Work instructions ->
Everything from the line containing "Angie Skirt Blue" through the line containing "Kennedy Blue Kai" in the listing below should be copied exactly, and nothing more.
[Start of Attachment]
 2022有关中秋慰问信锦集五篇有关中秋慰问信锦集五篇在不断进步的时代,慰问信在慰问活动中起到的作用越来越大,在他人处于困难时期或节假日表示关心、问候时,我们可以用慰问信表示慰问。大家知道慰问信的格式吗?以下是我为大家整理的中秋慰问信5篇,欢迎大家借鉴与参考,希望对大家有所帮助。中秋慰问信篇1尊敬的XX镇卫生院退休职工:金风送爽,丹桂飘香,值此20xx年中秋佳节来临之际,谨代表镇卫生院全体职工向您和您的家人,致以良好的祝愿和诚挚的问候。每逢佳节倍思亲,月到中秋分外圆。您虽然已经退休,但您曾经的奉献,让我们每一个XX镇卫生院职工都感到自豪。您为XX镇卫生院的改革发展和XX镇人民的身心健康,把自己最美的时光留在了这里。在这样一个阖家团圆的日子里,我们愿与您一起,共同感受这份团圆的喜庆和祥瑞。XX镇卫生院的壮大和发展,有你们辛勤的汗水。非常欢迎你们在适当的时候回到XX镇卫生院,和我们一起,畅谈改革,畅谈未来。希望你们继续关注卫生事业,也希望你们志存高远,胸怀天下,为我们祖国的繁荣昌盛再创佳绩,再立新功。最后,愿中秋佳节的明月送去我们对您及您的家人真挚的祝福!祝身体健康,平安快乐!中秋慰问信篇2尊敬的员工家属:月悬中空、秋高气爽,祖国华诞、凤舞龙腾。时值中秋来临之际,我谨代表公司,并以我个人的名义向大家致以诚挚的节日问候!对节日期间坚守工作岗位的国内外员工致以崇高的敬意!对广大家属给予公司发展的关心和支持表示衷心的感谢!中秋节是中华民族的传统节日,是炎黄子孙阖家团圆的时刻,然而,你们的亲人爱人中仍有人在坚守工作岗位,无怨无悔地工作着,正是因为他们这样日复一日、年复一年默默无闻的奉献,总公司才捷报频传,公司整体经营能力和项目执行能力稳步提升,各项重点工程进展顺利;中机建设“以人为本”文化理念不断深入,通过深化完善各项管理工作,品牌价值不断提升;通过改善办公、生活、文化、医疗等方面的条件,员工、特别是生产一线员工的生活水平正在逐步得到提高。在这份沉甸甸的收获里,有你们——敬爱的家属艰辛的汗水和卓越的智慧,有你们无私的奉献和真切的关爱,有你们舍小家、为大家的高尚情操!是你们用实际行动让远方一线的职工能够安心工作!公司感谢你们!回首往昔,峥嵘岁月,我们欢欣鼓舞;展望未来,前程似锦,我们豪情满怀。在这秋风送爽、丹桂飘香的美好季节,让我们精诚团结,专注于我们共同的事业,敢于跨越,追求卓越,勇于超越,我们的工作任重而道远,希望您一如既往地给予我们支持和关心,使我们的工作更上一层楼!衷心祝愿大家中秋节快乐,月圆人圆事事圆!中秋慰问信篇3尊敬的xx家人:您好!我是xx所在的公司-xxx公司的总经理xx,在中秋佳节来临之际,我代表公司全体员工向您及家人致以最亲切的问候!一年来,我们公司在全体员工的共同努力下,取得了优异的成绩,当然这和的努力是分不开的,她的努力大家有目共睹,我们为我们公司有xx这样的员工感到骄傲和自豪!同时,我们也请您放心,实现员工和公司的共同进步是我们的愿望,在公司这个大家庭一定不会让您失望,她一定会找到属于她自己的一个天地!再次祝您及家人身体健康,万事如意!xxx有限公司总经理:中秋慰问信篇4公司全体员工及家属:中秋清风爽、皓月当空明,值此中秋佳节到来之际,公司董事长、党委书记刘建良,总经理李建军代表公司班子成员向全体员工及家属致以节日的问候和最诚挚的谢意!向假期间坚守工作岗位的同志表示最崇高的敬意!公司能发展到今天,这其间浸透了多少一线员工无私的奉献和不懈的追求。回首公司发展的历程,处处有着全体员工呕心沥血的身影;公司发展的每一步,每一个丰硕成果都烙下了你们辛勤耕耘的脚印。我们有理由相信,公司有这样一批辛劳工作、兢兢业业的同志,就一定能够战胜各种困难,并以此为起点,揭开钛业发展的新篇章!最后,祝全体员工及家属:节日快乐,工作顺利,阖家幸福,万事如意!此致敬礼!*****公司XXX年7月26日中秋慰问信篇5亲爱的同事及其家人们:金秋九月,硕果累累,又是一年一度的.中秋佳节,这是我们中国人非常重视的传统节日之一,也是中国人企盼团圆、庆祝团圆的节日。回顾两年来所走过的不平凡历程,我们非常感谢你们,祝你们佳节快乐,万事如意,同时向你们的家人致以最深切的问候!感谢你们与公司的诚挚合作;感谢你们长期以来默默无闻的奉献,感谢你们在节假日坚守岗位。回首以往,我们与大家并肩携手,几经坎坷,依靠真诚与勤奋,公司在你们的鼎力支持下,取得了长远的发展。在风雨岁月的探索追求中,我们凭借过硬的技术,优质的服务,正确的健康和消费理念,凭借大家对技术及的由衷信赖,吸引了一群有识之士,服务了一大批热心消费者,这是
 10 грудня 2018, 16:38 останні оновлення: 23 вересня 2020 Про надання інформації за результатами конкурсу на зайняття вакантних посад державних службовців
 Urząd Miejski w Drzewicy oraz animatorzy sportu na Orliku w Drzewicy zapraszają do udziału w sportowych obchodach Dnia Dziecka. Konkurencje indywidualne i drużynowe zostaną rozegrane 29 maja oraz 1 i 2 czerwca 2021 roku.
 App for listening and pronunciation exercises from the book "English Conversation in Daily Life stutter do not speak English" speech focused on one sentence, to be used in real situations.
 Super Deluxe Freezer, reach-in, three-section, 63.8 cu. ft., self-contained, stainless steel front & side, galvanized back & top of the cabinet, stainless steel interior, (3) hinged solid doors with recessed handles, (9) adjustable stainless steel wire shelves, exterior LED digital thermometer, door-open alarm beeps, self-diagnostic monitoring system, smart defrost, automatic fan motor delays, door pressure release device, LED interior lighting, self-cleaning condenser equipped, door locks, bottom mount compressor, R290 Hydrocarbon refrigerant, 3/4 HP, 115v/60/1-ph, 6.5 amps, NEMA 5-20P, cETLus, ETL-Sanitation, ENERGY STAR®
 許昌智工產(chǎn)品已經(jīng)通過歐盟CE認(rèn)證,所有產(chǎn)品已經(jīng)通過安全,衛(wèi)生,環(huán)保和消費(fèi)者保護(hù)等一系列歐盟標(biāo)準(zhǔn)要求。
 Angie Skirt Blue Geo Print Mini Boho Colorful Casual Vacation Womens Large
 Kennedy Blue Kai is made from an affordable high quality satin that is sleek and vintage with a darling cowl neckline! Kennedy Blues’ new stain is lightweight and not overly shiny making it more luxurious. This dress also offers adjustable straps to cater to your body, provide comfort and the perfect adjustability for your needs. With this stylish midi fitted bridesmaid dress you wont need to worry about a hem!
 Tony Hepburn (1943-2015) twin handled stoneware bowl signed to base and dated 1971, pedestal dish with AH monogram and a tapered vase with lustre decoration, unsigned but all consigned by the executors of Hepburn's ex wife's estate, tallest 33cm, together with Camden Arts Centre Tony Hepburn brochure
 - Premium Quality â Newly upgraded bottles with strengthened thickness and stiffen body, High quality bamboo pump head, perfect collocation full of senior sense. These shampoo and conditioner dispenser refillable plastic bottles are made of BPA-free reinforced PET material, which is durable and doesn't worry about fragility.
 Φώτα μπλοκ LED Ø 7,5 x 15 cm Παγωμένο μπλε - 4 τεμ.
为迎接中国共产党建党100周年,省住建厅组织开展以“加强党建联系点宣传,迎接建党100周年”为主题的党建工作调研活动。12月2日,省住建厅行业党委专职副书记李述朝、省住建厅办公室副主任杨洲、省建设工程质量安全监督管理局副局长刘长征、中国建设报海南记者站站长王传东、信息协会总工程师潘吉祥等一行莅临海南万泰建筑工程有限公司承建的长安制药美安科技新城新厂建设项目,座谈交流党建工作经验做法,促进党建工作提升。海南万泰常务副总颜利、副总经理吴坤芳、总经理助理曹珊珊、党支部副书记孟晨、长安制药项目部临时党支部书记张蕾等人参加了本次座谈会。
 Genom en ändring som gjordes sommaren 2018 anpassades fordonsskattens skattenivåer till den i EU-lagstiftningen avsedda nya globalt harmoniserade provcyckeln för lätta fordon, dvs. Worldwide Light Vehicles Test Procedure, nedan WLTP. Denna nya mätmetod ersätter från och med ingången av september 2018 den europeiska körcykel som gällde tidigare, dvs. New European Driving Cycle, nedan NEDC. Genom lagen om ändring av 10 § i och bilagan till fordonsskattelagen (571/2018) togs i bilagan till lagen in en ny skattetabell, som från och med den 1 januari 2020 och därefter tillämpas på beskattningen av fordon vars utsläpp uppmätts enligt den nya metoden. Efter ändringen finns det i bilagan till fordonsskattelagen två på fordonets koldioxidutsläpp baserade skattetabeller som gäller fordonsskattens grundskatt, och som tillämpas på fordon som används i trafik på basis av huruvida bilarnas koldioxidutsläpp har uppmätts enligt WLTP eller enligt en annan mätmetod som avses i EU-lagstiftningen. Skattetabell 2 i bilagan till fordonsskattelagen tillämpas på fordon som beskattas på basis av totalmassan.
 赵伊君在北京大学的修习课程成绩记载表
[End of Attachment]
The completed task ->
 Angie Skirt Blue Geo Print Mini Boho Colorful Casual Vacation Womens Large
 Kennedy Blue Kai is made from an affordable high quality satin that is sleek and vintage with a darling cowl neckline! Kennedy Blues’ new stain is lightweight and not overly shiny making it more luxurious. This dress also offers adjustable straps to cater to your body, provide comfort and the perfect adjustability for your needs. With this stylish midi fitted bridesmaid dress you wont need to worry about a hem!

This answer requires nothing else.